Division of Endocrinology, Diabetes and Metabolism, Department of Medicine, Beth Israel Deaconess Medical Center and Harvard Medical School, Boston, MA 02215, USA.
Sarah W. Stedman Nutrition and Metabolism Center, Duke Molecular Physiology Institute, Duke University School of Medicine, Durham, NC 27710, USA.
Endocrinology. 2021 Jul 1;162(7). doi: 10.1210/endocr/bqab062.
Circulating branched chain amino acid (BCAA) levels are elevated in obese humans and genetically obese rodents.
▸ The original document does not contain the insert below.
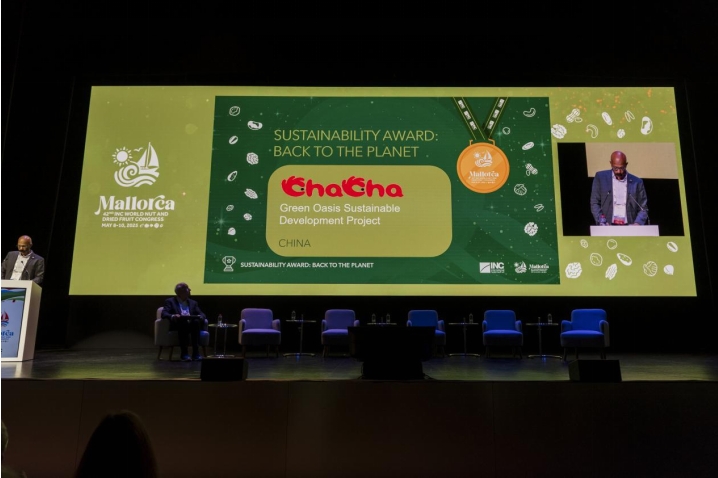 在本次大会上,洽洽食品凭借其卓越的可持续发展实践,荣获回归地球项目“INC2025可持续发展奖”,成为中国坚果行业首家获此殊荣的企业。该项目自2021年启动以来,聚焦全生命周期绿色制造,覆盖坚果种植、沙漠生态修复及可再生能源应用三大领域。

However, the relationship of BCAAs to insulin resistance in diet-induced obese mice, a commonly used model to study glucose homeostasis, is still ill-defined. Here we examined how high-fat high-sucrose (HFHS) or high-fat diet (HFD) feeding, with or without BCAA supplementation in water, alters the metabolome in serum/plasma and tissues in mice and whether raising circulating BCAA levels worsens insulin resistance and glucose intolerance. Neither HFHS nor HFD feeding raised circulating BCAA levels in insulin-resistant diet-induced obese mice. BCAA supplementation raised circulating BCAA and branched-chain α-keto acid levels and C5-OH/C3-DC acylcarnitines (AC) in muscle from mice fed an HFHS diet or HFD, but did not worsen insulin resistance. A set of short- and long-chain acyl CoAs were elevated by diet alone in muscle, liver, and white adipose tissue (WAT), but not increased further by BCAA supplementation. HFD feeding reduced valine and leucine oxidation in WAT but not in muscle. BCAA supplementation markedly increased valine oxidation in muscle from HFD-fed mice, while leucine oxidation was unaffected by diet or BCAA treatment. Here we establish an extensive metabolome database showing tissue-specific changes in mice on 2 different HFDs, with or without BCAA supplementation. We conclude that mildly elevating circulating BCAAs and a subset of ACs by BCAA supplementation does not worsen insulin resistance or glucose tolerance in mice. This work highlights major differences in the effects of BCAAs on glucose homeostasis in diet-induced obese mice versus data reported in obese rats and in humans.
循环支链氨基酸(BCAA)水平在肥胖人群和遗传性肥胖啮齿动物中升高。然而,BCAA 与饮食诱导肥胖小鼠(一种常用于研究葡萄糖稳态的模型)的胰岛素抵抗之间的关系仍未明确。在这里,我们研究了高脂肪高蔗糖(HFHS)或高脂肪饮食(HFD)喂养,以及在水中补充 BCAA,如何改变小鼠血清/血浆和组织中的代谢组学,以及提高循环 BCAA 水平是否会加重胰岛素抵抗和葡萄糖不耐受。HFHS 或 HFD 喂养均未升高胰岛素抵抗的饮食诱导肥胖小鼠的循环 BCAA 水平。BCAA 补充提高了 HFHS 饮食或 HFD 喂养小鼠的循环 BCAA 和支链α-酮酸水平以及 C5-OH/C3-DC 酰基辅酶 A(AC)在肌肉中的水平,但不会加重胰岛素抵抗。单独的饮食增加了一组短链和长链酰基辅酶 A 在肌肉、肝脏和白色脂肪组织(WAT)中的水平,但 BCAA 补充并没有进一步增加。HFD 喂养减少了 WAT 中缬氨酸和亮氨酸的氧化,但在肌肉中没有增加。BCAA 补充显著增加了 HFD 喂养小鼠肌肉中缬氨酸的氧化,而亮氨酸的氧化不受饮食或 BCAA 处理的影响。在这里,我们建立了一个广泛的代谢组学数据库,显示了在两种不同的 HFD 喂养小鼠中,组织特异性的变化,以及是否补充 BCAA。我们得出结论,BCAA 补充轻度升高循环 BCAA 和一组 AC 不会加重小鼠的胰岛素抵抗或葡萄糖耐量。这项工作突出了在饮食诱导肥胖小鼠中,BCAA 对葡萄糖稳态的影响与肥胖大鼠和人类报告的数据之间存在显著差异。